Driving on Snow or Ice

Drive carefully when there is snow or ice between the tires and the road, creating less traction or grip. Wet ice can occur at about 32°F (0°C) when freezing rain begins to fall, resulting in even less traction. Avoid driving on wet ice or in freezing rain until roads can be treated with salt or sand.

Drive with caution, whatever the condition. Accelerate gently so traction is not lost. Accelerating too quickly causes the wheels to spin and makes the surface under the tires slick, so there is even less traction.

Try not to break the fragile traction. If you accelerate too fast, the drive wheels will spin and polish the surface under the tires even more.

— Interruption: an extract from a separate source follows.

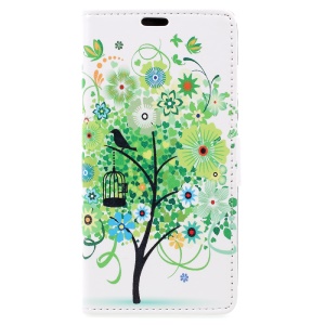 Patterned Wallet Stand Leather Cover for Xiaomi Redmi Note 4 - Green Tree & Bird Cage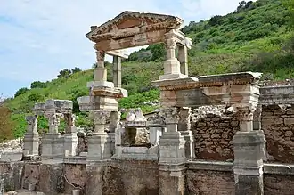 - 🌍 Fountain of Trajan (Trajan's Nymphaeum). A grand public fountain along this part of the street, astride the main water conduit; its statues have been moved to the Selçuk museum. The water system and fountain were erected from 102 AD by the initiative and personal expense of Claudius Aristion, as the inscription is at pains to have you know. The water was not only for washing and drinking but powered mills, including a sawmill for marble. Aristion at times held just about every great position in the city. He fell foul of political skulduggery but was rehabilitated and was sufficiently esteemed to be buried within the city.

The Traction Control System (TCS) improves the ability to accelerate on slippery roads, but slow down and adjust your driving to the road conditions.

When driving through deep snow, turn off the traction control system to help maintain vehicle motion at lower speeds.

The Antilock Brake System (ABS) improves vehicle stability during hard stops on a slippery roads, but apply the brakes sooner than when on dry pavement.

Allow greater following distance on any slippery road and watch for slippery spots. Icy patches can occur on otherwise clear roads in shaded areas. The surface of a curve or an overpass can remain icy when the surrounding roads are clear. Avoid sudden steering maneuvers and braking while on ice.

Turn off cruise control, if equipped, on slippery surfaces.